BEGIN Entries provided

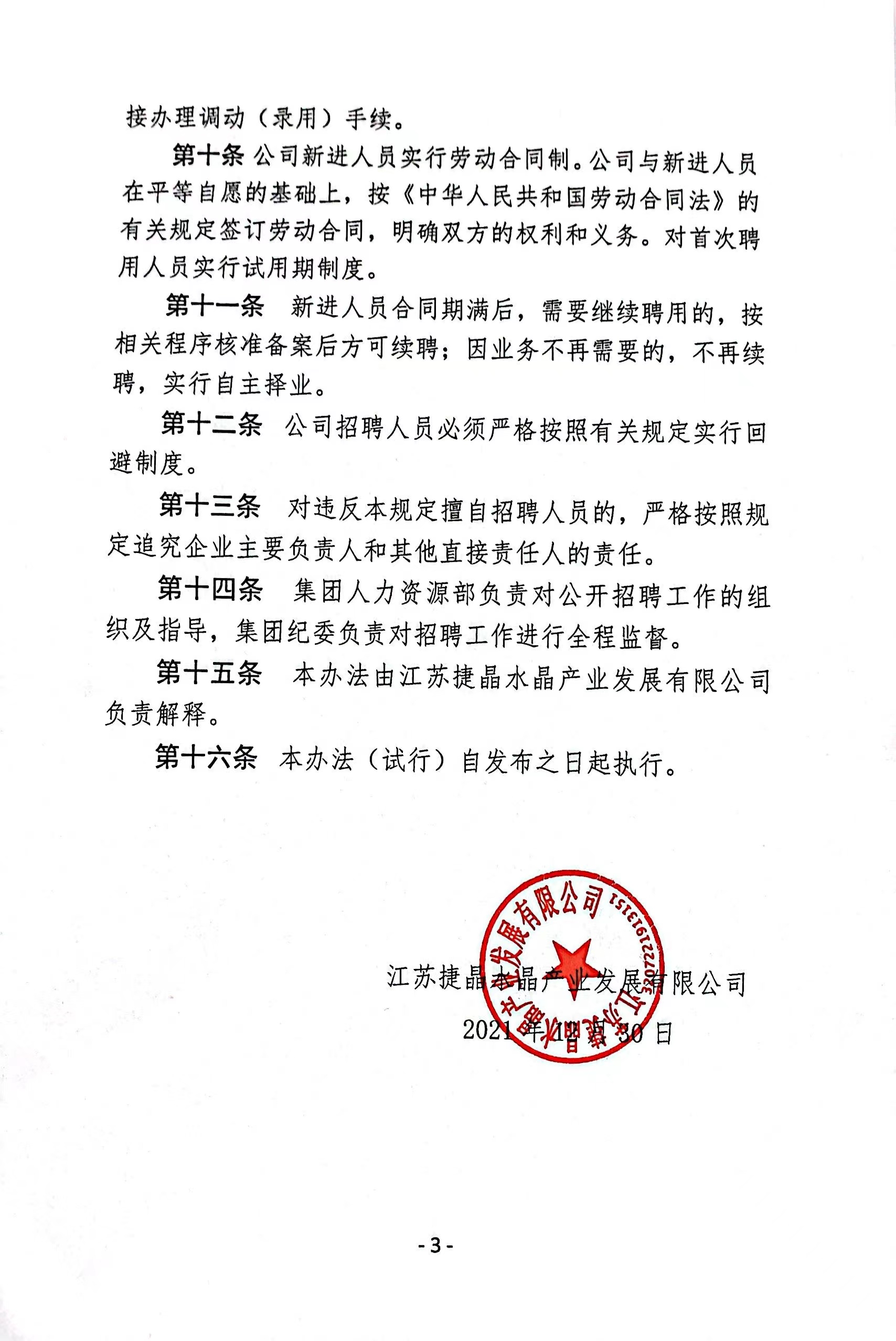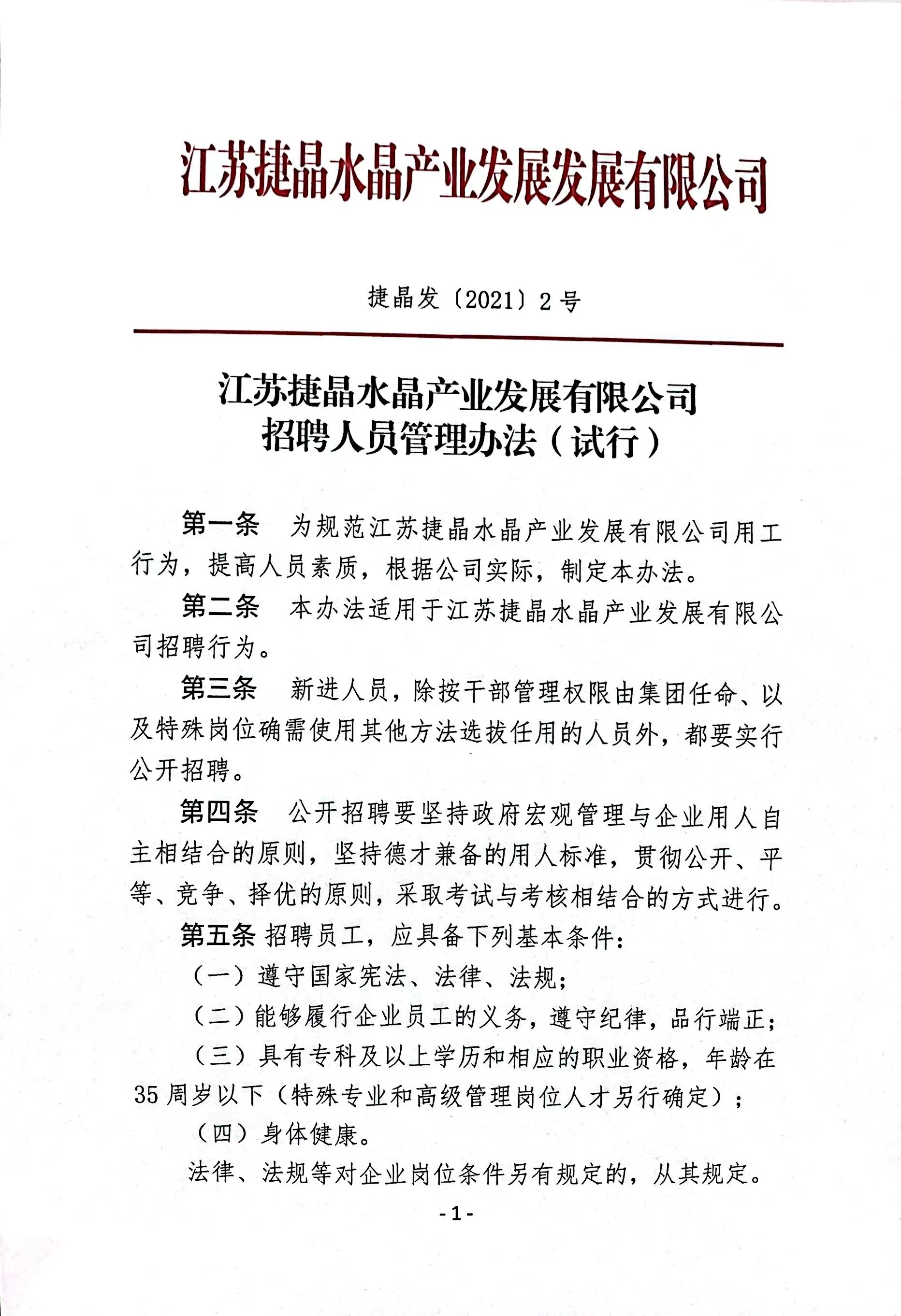 江苏捷晶水晶产业发展有限公司招聘人员管理办法(试行)
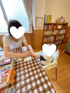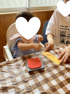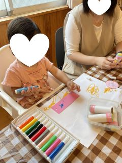 読書の秋、本のおともにしおり制作をしています。 いろんな色で模様をつけたりちょんちょんちょん♪ ハートや星などいろんな形のスタンプをとんとんとん♪ ペンも使ってカラフルに☆ お母さんと一緒にぎゅっ! まあるい部分にはお子さまの写真や好きなものを貼ったりして 世界にひとつだけのしおりが完成です☆
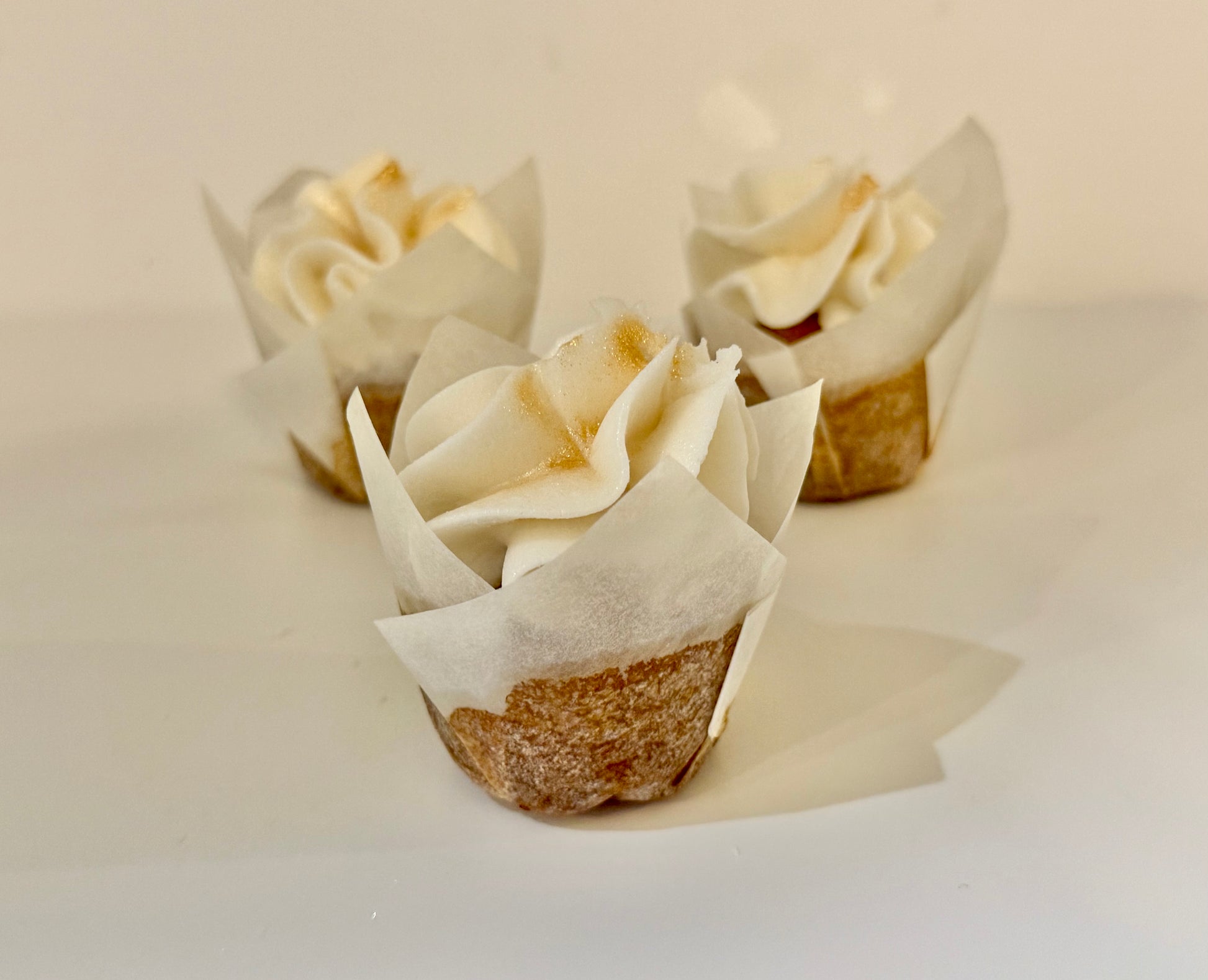 Savor the rich, earthy flavors of our carrot muffins, perfectly spiced and topped with decadent parve cream frosting and gold shimmer. Ideal for gifting or pure enjoyment!
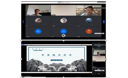 随后,十三水在线 郭小星同学和国关朱江甫同学分别就“居家学习(Study at Home)”的经历和感悟做了精彩的分享。郭同学给我们分享了时间管理和自律意识提高的方法,朱同学则以军事翻译实例为我们分享了军事翻译的特色和注意事项。
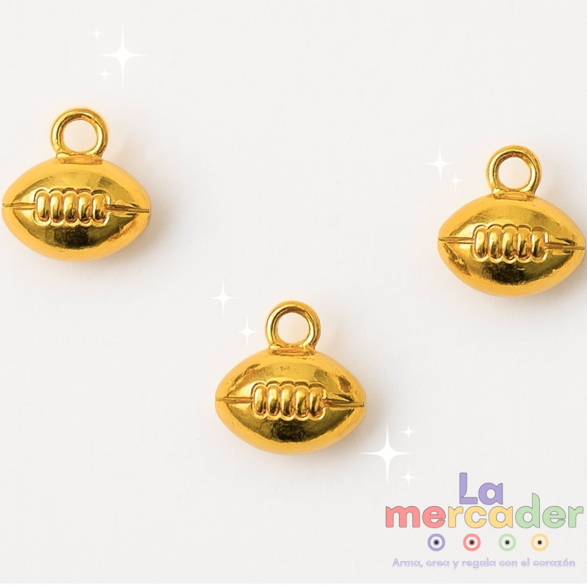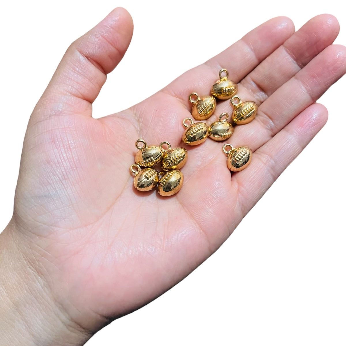 Dale un toque deportivo y brillante a tus creaciones con este lindo dije en forma de balón americano. Perfecto para pulseras, collares, llaveros o accesorios personalizados.
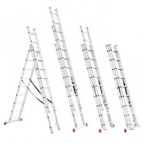 Универсальная алюминиевая 3-х секционная раскладная лестница LT-0309 ТМ INTERTOOL незаменима как в строительстве так и в быту. Лестница LT-0309 изготовлена из высококачественного экструдированного алюминиевого профиля, соответствует европейскому стандарту EN131. При весе 13,7 кг выдерживает нагрузку до 150 кг. Каждая из 3-х секций оснащена 9 рифлеными ступенями шириной 280 мм. Высота в разложенном виде 5926 мм, в сложенном 2566 мм. Противоскользящие опорные заглушки обеспечивают надежное сцепление с опорной поверхностью, препятствуют скольжению. Может применяться как приставная, выдвижная лестница и свободностоящая стремянка. Атмосферостойкие ленты предотвращают самопроизвольное раздвижение боковин.
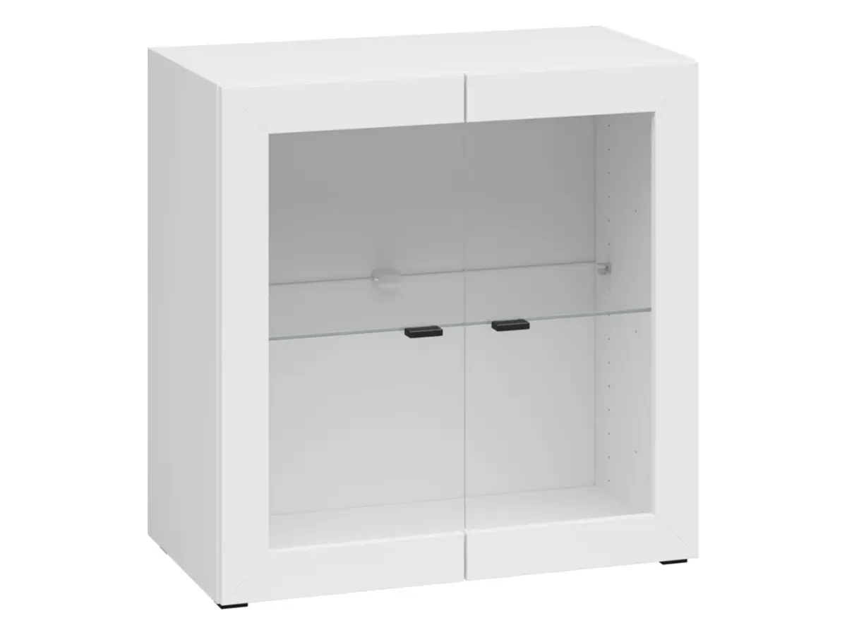 Fabricada en tablero de aglomerado de alta calidad, resistente al uso diario. El estante de vidrio interior aporta una sensación de amplitud y ligereza que resalta los objetos que elijas exponer.
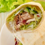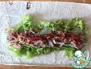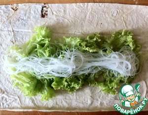 Лист лаваша разделить на две части. На каждую выложить посередине салатные листья, на них фунчозу.
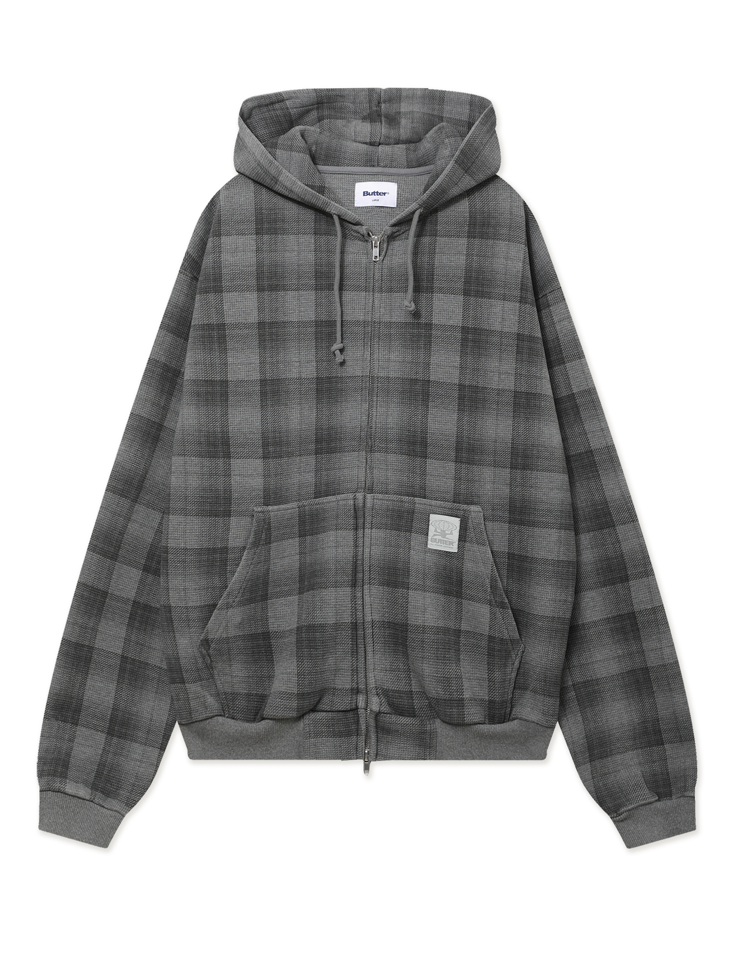 Толстовка с капюшоном на молнии Butter Goods из плотного вафельного материала. Изделие дополнено принтом в клетку.
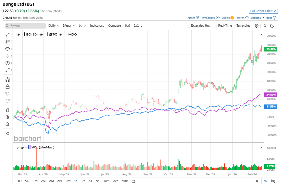 Shares of this global agribusiness and food company have outperformed the broader market considerably over the past year. BG has gained 75.6% over this time frame, while the broader S&P 500 Index ($SPX) has rallied nearly 11.8%. In 2026, BG stock is up 37.6%, surpassing the SPX’s marginal fall on a YTD basis.

END Entries provided

_Your assignment_. In the material above, which lines fall between the one holding "Универсальная алюминиевая 3-х" and the one holding "Fabricada en tablero", inclusive? Print exactly those, with the pictures left out.

_Output of the task_.
 Универсальная алюминиевая 3-х секционная раскладная лестница LT-0309 ТМ INTERTOOL незаменима как в строительстве так и в быту. Лестница LT-0309 изготовлена из высококачественного экструдированного алюминиевого профиля, соответствует европейскому стандарту EN131. При весе 13,7 кг выдерживает нагрузку до 150 кг. Каждая из 3-х секций оснащена 9 рифлеными ступенями шириной 280 мм. Высота в разложенном виде 5926 мм, в сложенном 2566 мм. Противоскользящие опорные заглушки обеспечивают надежное сцепление с опорной поверхностью, препятствуют скольжению. Может применяться как приставная, выдвижная лестница и свободностоящая стремянка. Атмосферостойкие ленты предотвращают самопроизвольное раздвижение боковин.
 Fabricada en tablero de aglomerado de alta calidad, resistente al uso diario. El estante de vidrio interior aporta una sensación de amplitud y ligereza que resalta los objetos que elijas exponer.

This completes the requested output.